Although this is not a machine specific question, it does relate to a project post on this forum.








						Another buggy
					

Here is a link of my buggy : http://www.505turbo.com/forum/index.php?/topic/3386-peugeot-xud9-homemade-tug-loader/#comments  Quite a project! Where are you in the process now?  Aaron




					www.hobby-machinist.com
				



I had used the rear ws wiper motor from the Subaru on the front of this but when I am snow blowing sometimes the wind and other things make it difficult to see as I would like. With only one wiper blade, the visibility is poor.







I found a great deal on Amazon for a complete, front wiper assembly with motor and transmission.





						Amazon.com: LAFORMO Front Windshield Wiper W/Motor Transmission Linkage Assembly Compatible with 2010-2017 GMC Terrain, Equinox # 84241847 602-211 : Automotive
					

Buy LAFORMO Front Windshield Wiper W/Motor Transmission Linkage Assembly Compatible with 2010-2017 GMC Terrain, Equinox # 84241847 602-211: Wiper Motor Transmission & Linkage Assemblies - Amazon.com ✓ FREE DELIVERY possible on eligible purchases



					www.amazon.com
				




It has 4 pins in the connector. but I'm having trouble determining just how to make the park operation work.

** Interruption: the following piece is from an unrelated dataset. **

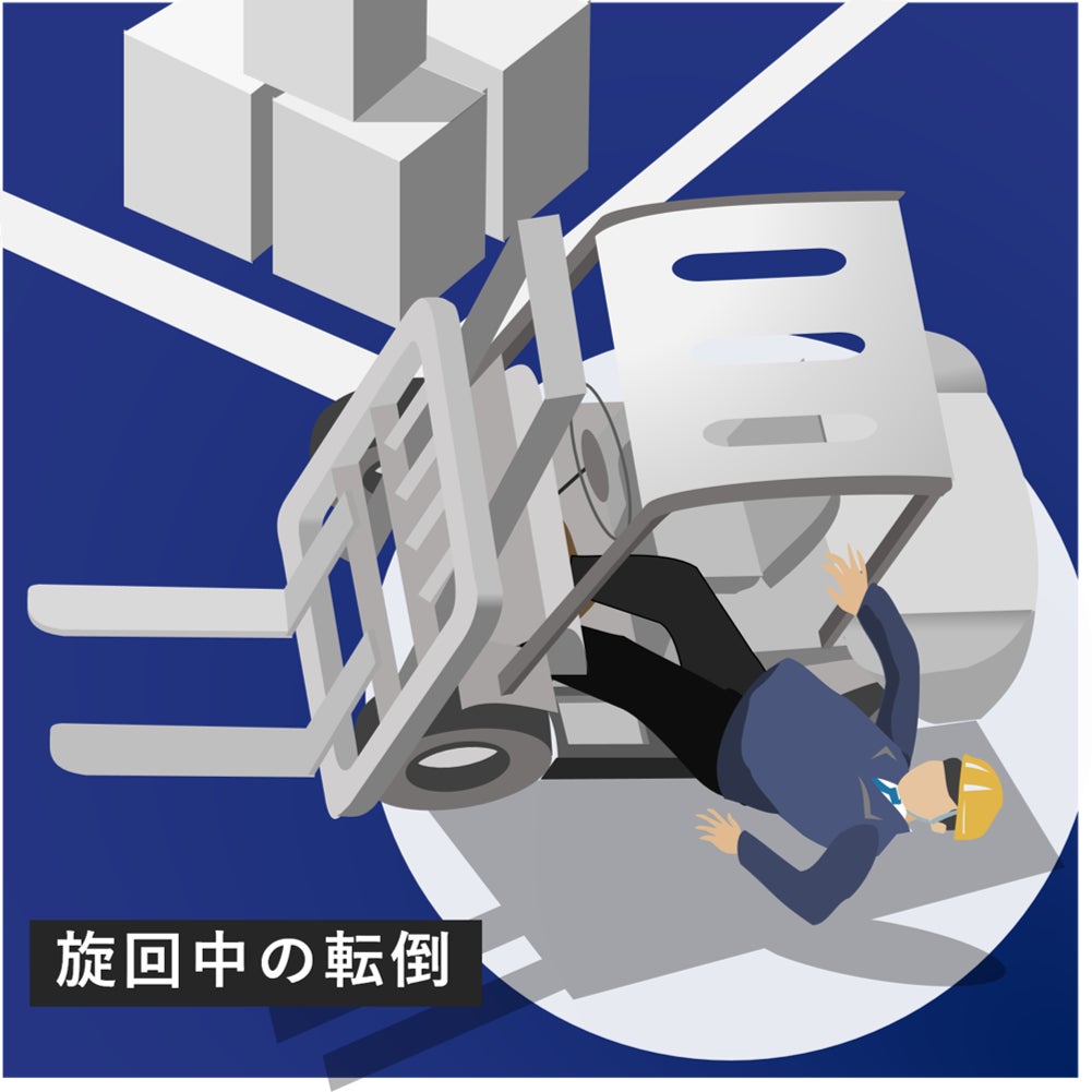 フォークリフトが急旋回中に横転。運転者が車外に投げ出され、下敷きになる事故。

It is not like other motors I've built switches for. From YouTube, this is what I thought it was.




I had come up with this diagram to have 2 speeds, park and 5 second intermittent but it does not work that way.




Would anybody help me with finding a schematic or explanation of operation and connections? As it shows in the motor description it fits a 
2010-2017 GMC Terrain, or Equinox​
Thankyou
Aaron


----------



## AGCB97 (Jan 11, 2022)

So by just not using the blue and green park wires in the above diagram, it works just fine (sans park). I have low, high and programable intermittent delay. I may yet come across a wiring diagram to figure out the park feature, but if not, I'm satisfied at this time.
Thanks
Aaron


----------



## davek181 (Jan 11, 2022)

The park feature on most motors is built into the motor itself.  Once the wiper motor moves from rest position there is a connection made inside the motor that stays connected till it gets back to rest position where the circuit breaks and stops the motor.  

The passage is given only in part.